The final group of counties to implement the eCourts conversion is comprised of Alexander, Burke, Caldwell, Catawba, Cleveland, Davidson, Davie, Gaston, Iredell, Lincoln, McDowell, Rowan, and Rutherford counties.

“Saving North Carolinians countless trips to the courthouse and expanding access to court records through convenient online services was the foremost priority, and proud legacy, of the eCourts conversion,” said NCAOC Director Ryan S. Boyce.   

Online court records are a vital resource for millions of people in our state seeking access to justice. The Judicial Branch is grateful for the hard work of judicial officials, courthouse staff, and partners across North Carolina to implement this historic transformation.”

For over two centuries, court users were required to file documents in paper and could only search case records in courthouses during business hours. The eCourts conversion enables the public to file and access court records online at any time. Track 10 connects every North Carolina county onto one cloud-hosted system of web applications for every case type.   

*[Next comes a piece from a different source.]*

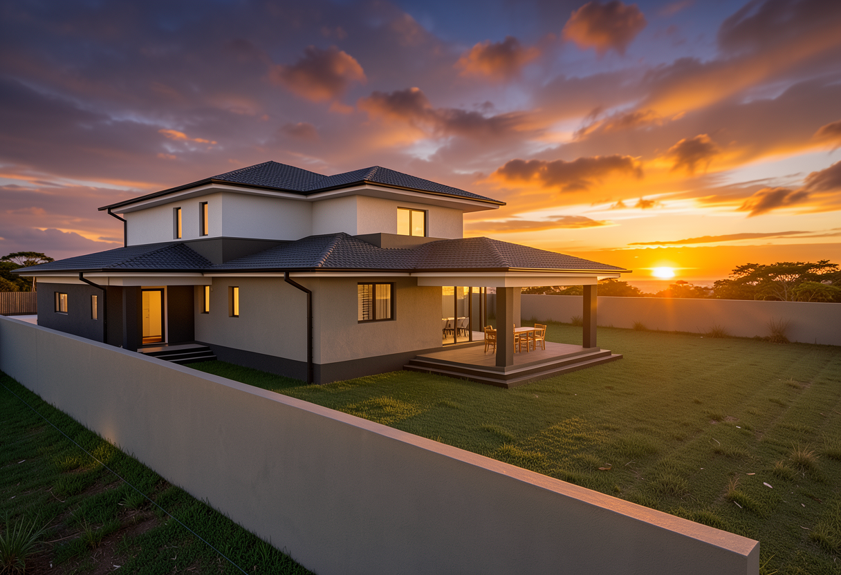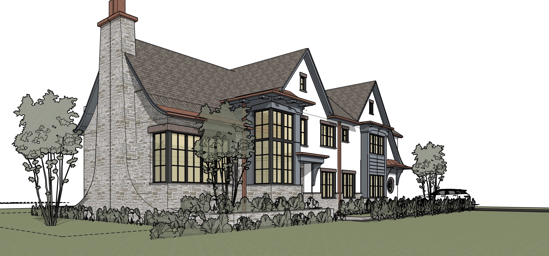 charming industrial stone and stucco farmhouse with large grid windows set with grass lawn trees in background light distant fog maintain model geometry and materials white stucco new gray england stone base

The system is also used by law enforcement statewide, supporting more than 47,000 combined registered users of the eWarrants and Enforcement Mobile applications. It supports automated criminal data sharing with public safety infrastructure including the Criminal Justice Law Enforcement Automated Data Services (CJLEADS) application.  State law enforcement agencies, sheriffs, and police, use the system daily to issue citations, serve orders for arrest, and execute warrants.

The system is also used for information sharing, search, filing, and other core operations, with state partners including the Department of Information Technology and Government Data Analytics Center, the Department of Motor Vehicles, the Department of Public Safety, the State Bureau of Investigation, the State Bar, the Department of Health and Human Services, local county services, and healthcare providers.

More than 5 million digital searches are conducted monthly through the eCourts Portal, saving citizens trips and phone calls to the courthouse for case information and documents. 

The eCourts conversion also launched Guide & File, a user-assisted interview tool that helps the public complete and submit common legal filings.  North Carolinians have created more than 120,000 Guide & File digital documents since launch.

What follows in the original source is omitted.